*** Begin section ***
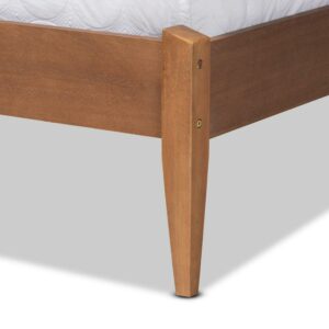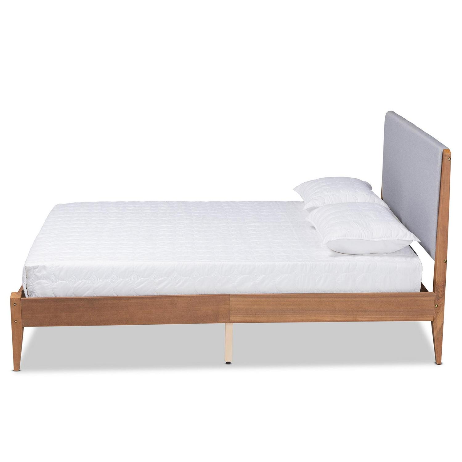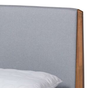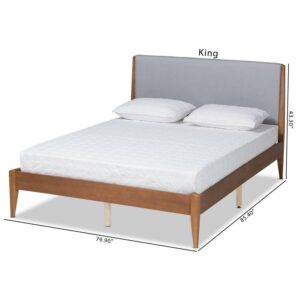 Baxton Studio Lenora Mid-Century Modern Grey Fabric Upholstered and Walnut Brown Finished Wood King Size Platform Bed
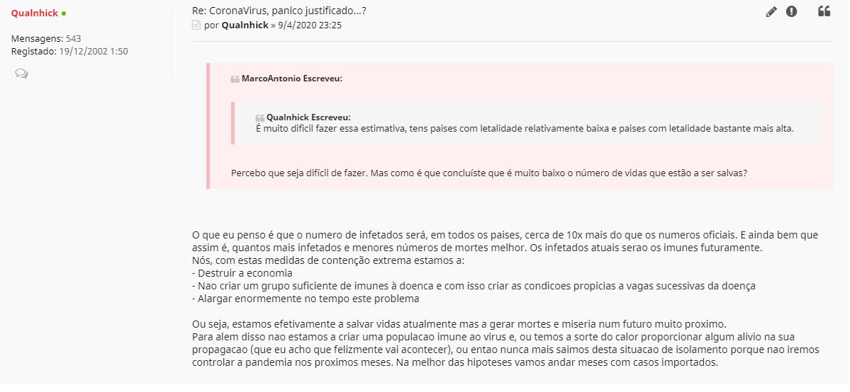 Podes indicar-me onde, nessa altura, tu indicavas que existiam, no mínimo, 10x mais infectados? Não me recordo disto, podes indicar por favor?
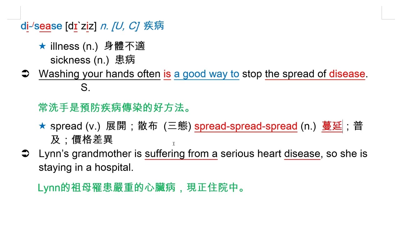載入中... 相關課程 Back disease [dɪ`ziz] n. [U, C] 疾病 相關課程 0 / 750 登入觀看 ⇐ Use this menu to view and help create subtitles for this video in many different languages. You'll probably want to hide YouTube's captions if using these subtitles. disease [dɪ`ziz] n. [U, C] 疾病 上傳學習單 下載學習單
*** End section ***
EXERCISE REQUIREMENTS: Give an exact copy of the listing above that leaves out every picture.

TASK ANSWER:
 Baxton Studio Lenora Mid-Century Modern Grey Fabric Upholstered and Walnut Brown Finished Wood King Size Platform Bed
 Podes indicar-me onde, nessa altura, tu indicavas que existiam, no mínimo, 10x mais infectados? Não me recordo disto, podes indicar por favor?
載入中... 相關課程 Back disease [dɪ`ziz] n. [U, C] 疾病 相關課程 0 / 750 登入觀看 ⇐ Use this menu to view and help create subtitles for this video in many different languages. You'll probably want to hide YouTube's captions if using these subtitles. disease [dɪ`ziz] n. [U, C] 疾病 上傳學習單 下載學習單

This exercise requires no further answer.